EXERCISE GOAL: Copy, with no pictures, the line that contains "Pistola Masajeadora Gadnic" and each line after it down to the end of the entries below, exactly.

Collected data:
BEGIN

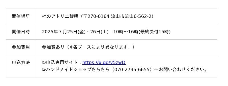 芸術、文化活動の場としてご利用いただける杜のアトリエ黎明(主催:株式会社流山ツーリズムデザイン)は、夏のワークショップ祭り第3弾を2025年7月に開催決定いたしました。
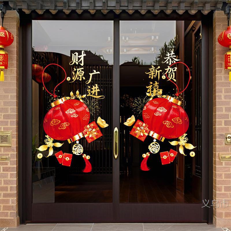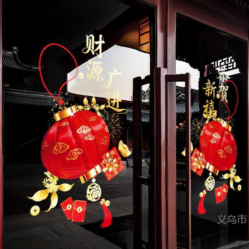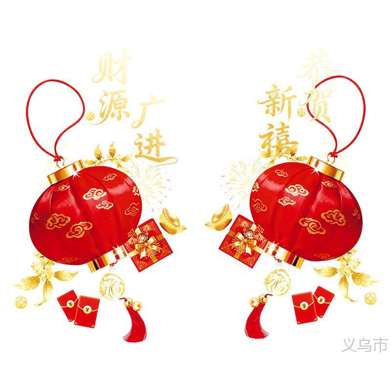 新年马年灯笼窗花过年财源广进布置装扮玻璃门静电玻璃贴新春窗花
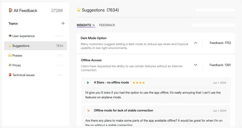 - Feedback Consolidation: Insights Hub gathers feedback from all your channels, eliminating data silos and giving you a complete picture of customer sentiment. 📊
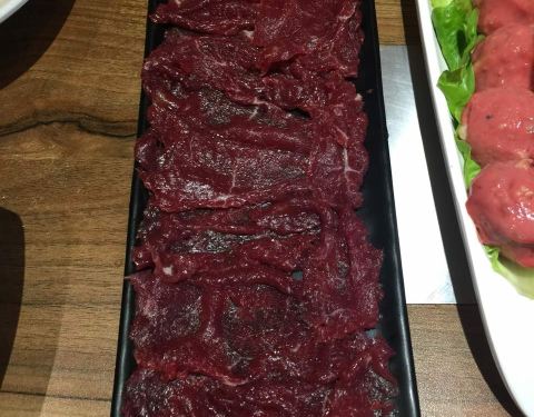 - 牛肉挺嫩的,自助火锅调料混了好几种口味加了蒜泥和花生沫,很好吃
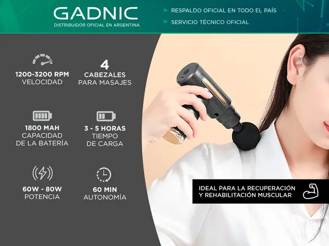 Pistola Masajeadora Gadnic Promassage Inalámbrica Cabezal Intercambiable
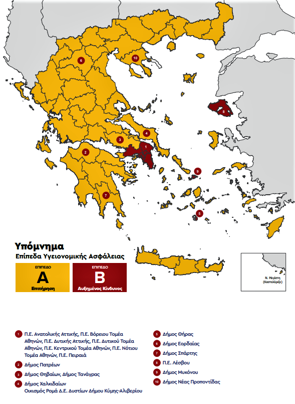 Στο Χάρτη Υγειονομικής Ασφάλειας και Προστασίας, η Ελλάδα χωρίζεται σε «κίτρινες» (Επίπεδο Α – Επιτήρησης) και σε «κόκκινες» (Επίπεδο Β – Αυξημένου Κινδύνου) περιοχές ανάλογα με το επιδημιολογικό φορτίο που φέρουν.

END

ANSWER TO THIS EXERCISE:
 Pistola Masajeadora Gadnic Promassage Inalámbrica Cabezal Intercambiable
 Στο Χάρτη Υγειονομικής Ασφάλειας και Προστασίας, η Ελλάδα χωρίζεται σε «κίτρινες» (Επίπεδο Α – Επιτήρησης) και σε «κόκκινες» (Επίπεδο Β – Αυξημένου Κινδύνου) περιοχές ανάλογα με το επιδημιολογικό φορτίο που φέρουν.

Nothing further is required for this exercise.